白深深看了我一眼,随即将眼神投向虚无,动了动嘴唇,最后还是什么也没说。
我自觉没趣,把话题转向正事:“你的族人又变成锅炉人了,你怎么还能安心在这里打坐?”
“我知道,我会处理的。哦对了,周洲也送回他的房子休息了。”
“你怎么知道?我还什么都没说,是他们告诉你的?”我努努嘴,示意门外的仆从们。
不对呀,我转念一想,我一直在这里,白怎么跟他们交流的,就算在我之前先告诉过他,找人多少也要段时间吧。
白果然陷入沉默。
白不会撒谎,看来不是仆从禀告上来的,不然完全可以直说。
我忽然有一个想法。
“是不是不管发生什么,你都知道?”
他摇头。
我猜错了吗?
“只有在这里发生的事,我什么都知道。”
“怎么做到的?”
“我不能告诉你。”
“切,整天神秘兮兮的不知道搞什么鬼。”我嗤之以鼻,不屑道,“我要去睡觉了,那帮怪人不会趁我睡觉把我踩死吧。”
“不会的,他们不会到这里来。”
“明天还会看到他们吗?”
“……不会了。”我听见白几不可闻的叹息,“他们也去休息了。”
“好吧,那我走了?”我说。
“唔,好。”白最后看了我一眼,说。
绵绵的月光透过窗缝洒在他脸上,衬得他肤色越发的白。
临迈出门,我忽然好奇。
“你为什么叫白?”
白奇异地看了看我,又摇头。
“去休息吧,明天见。”
“哦。”我转身离开。
我几乎可以肯定,谷里发生的一切都跟白有关,是不是他搞出来的另说,但他一定全部知情。

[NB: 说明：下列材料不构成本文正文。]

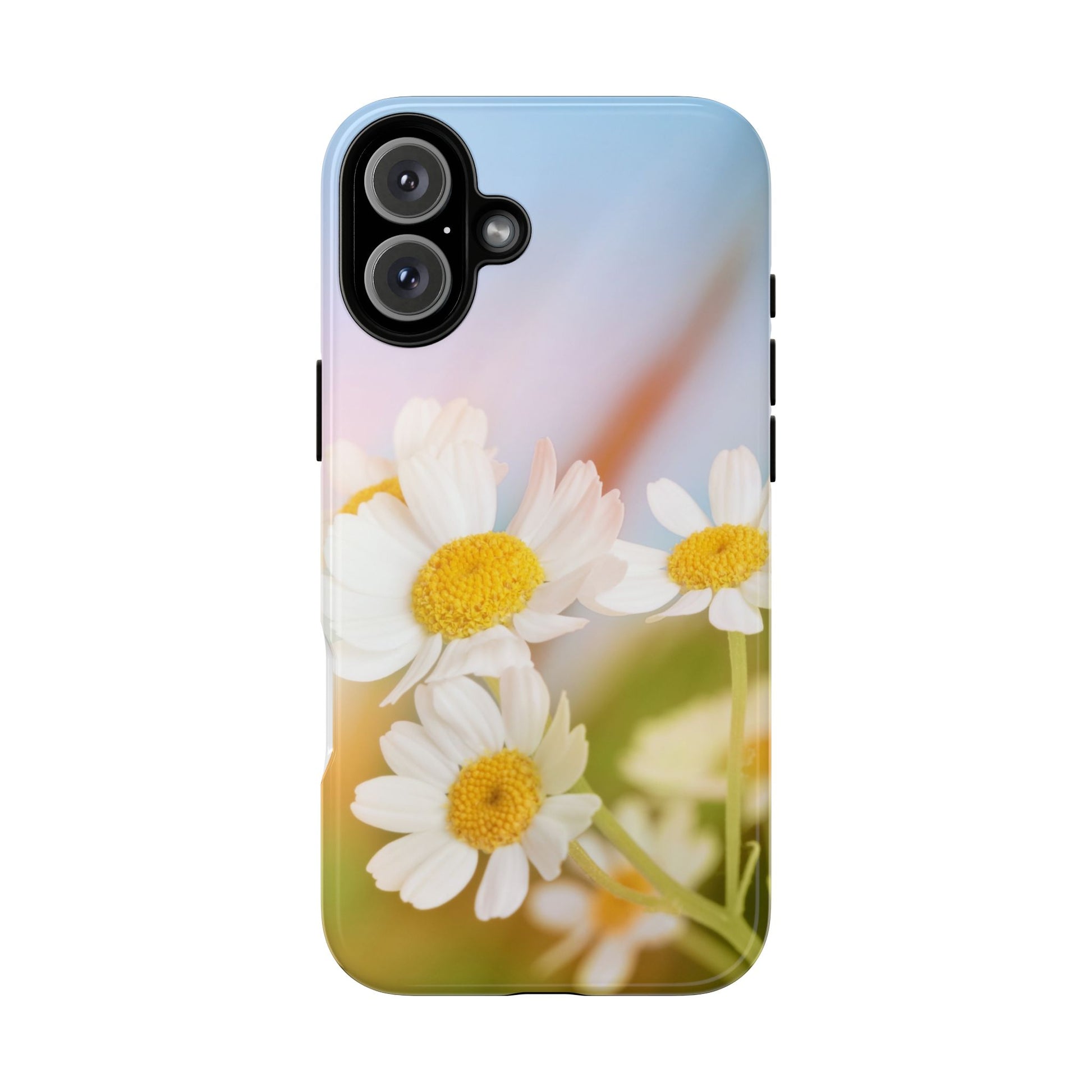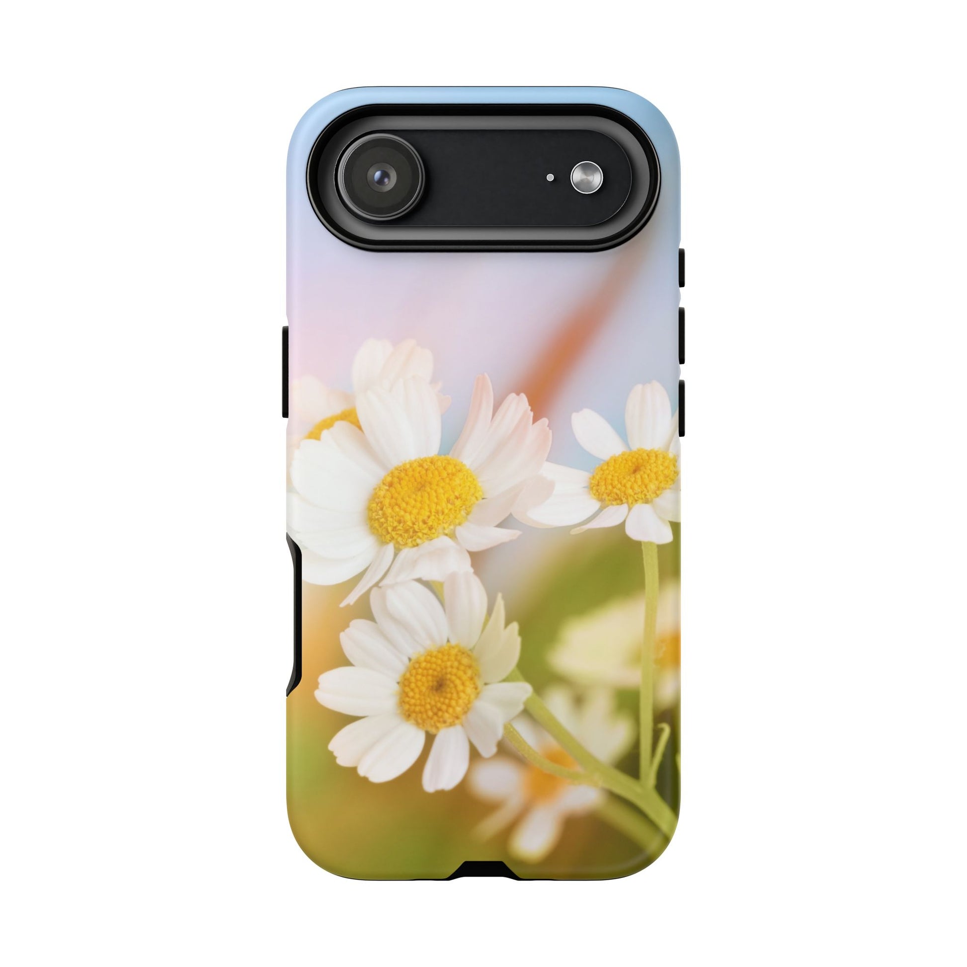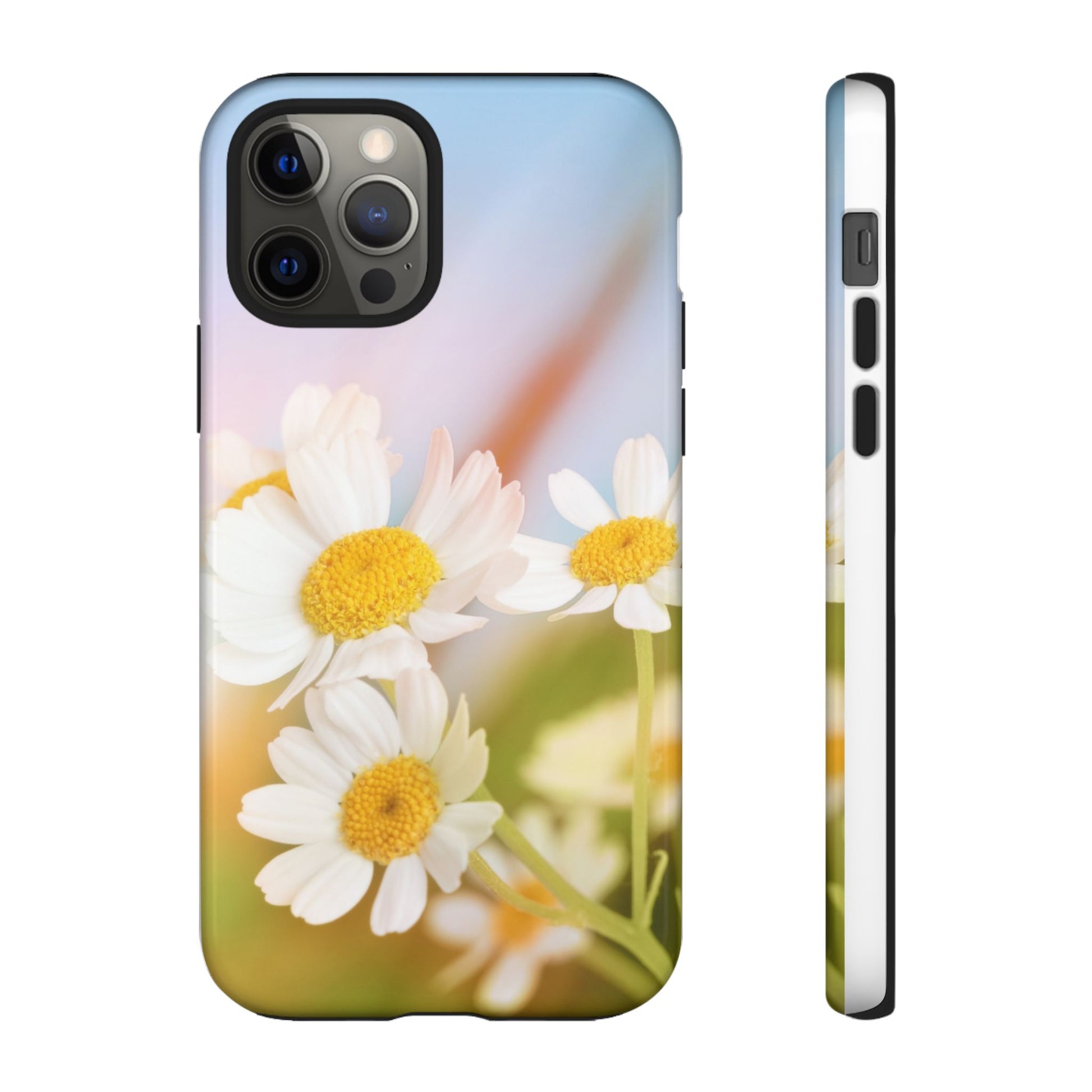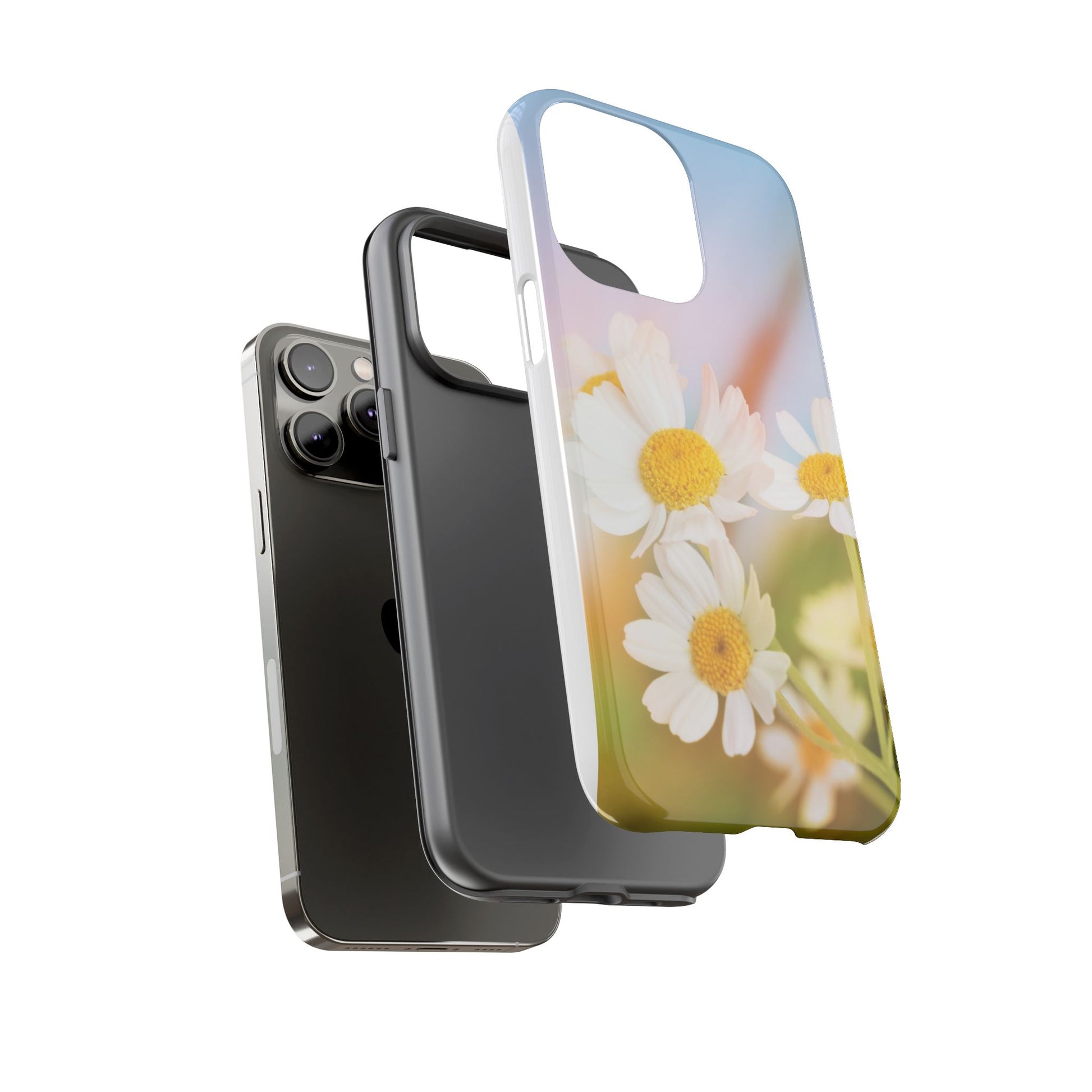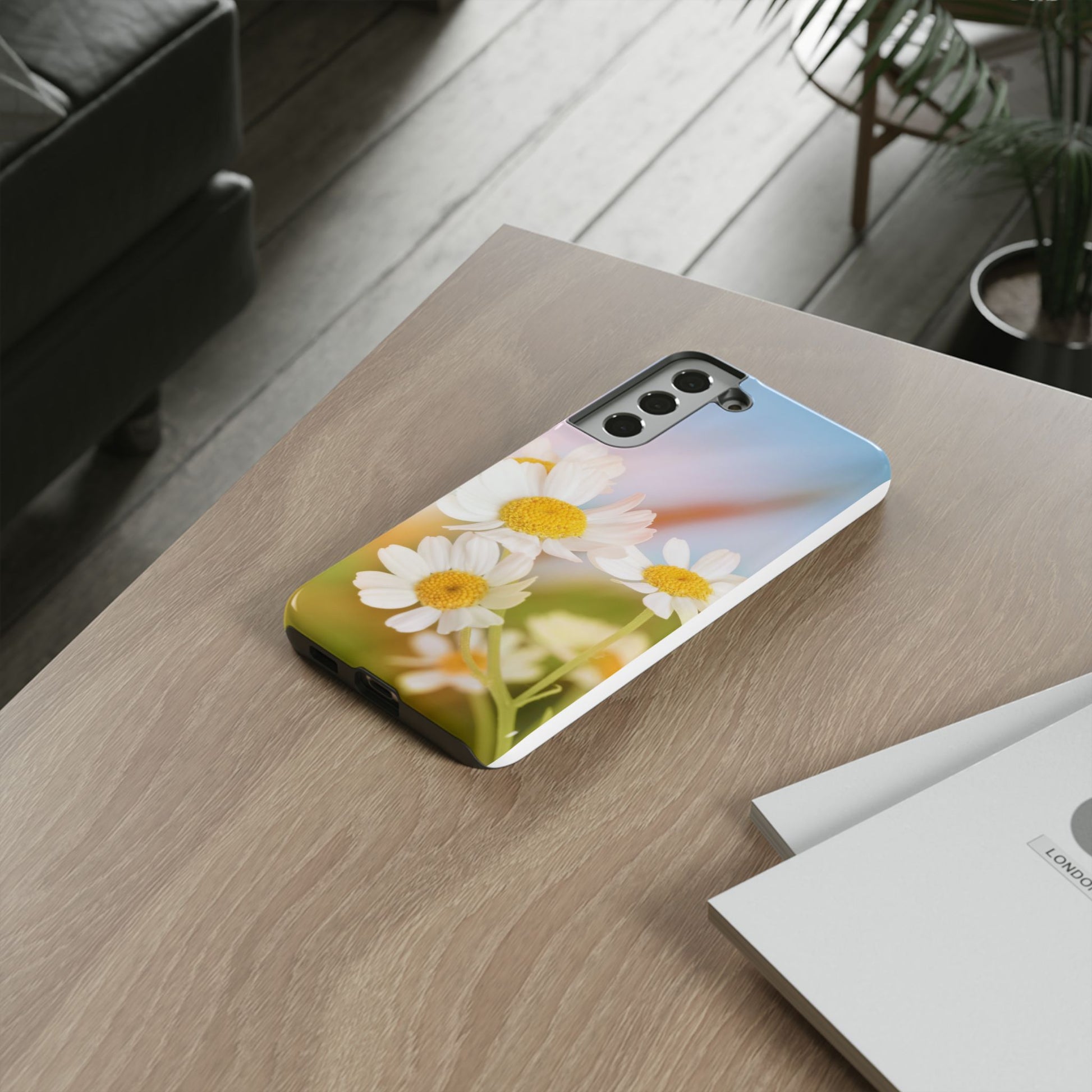 Personalize your iPhone and Samsung Galaxy devices with premium-quality custom protective phone cases. Every case has double layers for extra durability and protection while the clear, open ports stay out of your way when it comes to charging. The outer polycarbonate shell will resist daily impacts. Choose between matte or glossy finish. Beautiful daisy and blue sky design to brighten your day.

李青摔断腿,庄蓉和周洲送李青回黄村,我和潘权四个在树洞里迷路,发现李青的尸体,到离开树洞,黄儿头发疯,我们彻底失散……甚至连发生的具体时刻,他可能都知道。
那谷外呢?我们决定探索这里时,他是不是已经准备好了应对之策?
是不是,一切都在他的计划中……
他究竟怎么做到的?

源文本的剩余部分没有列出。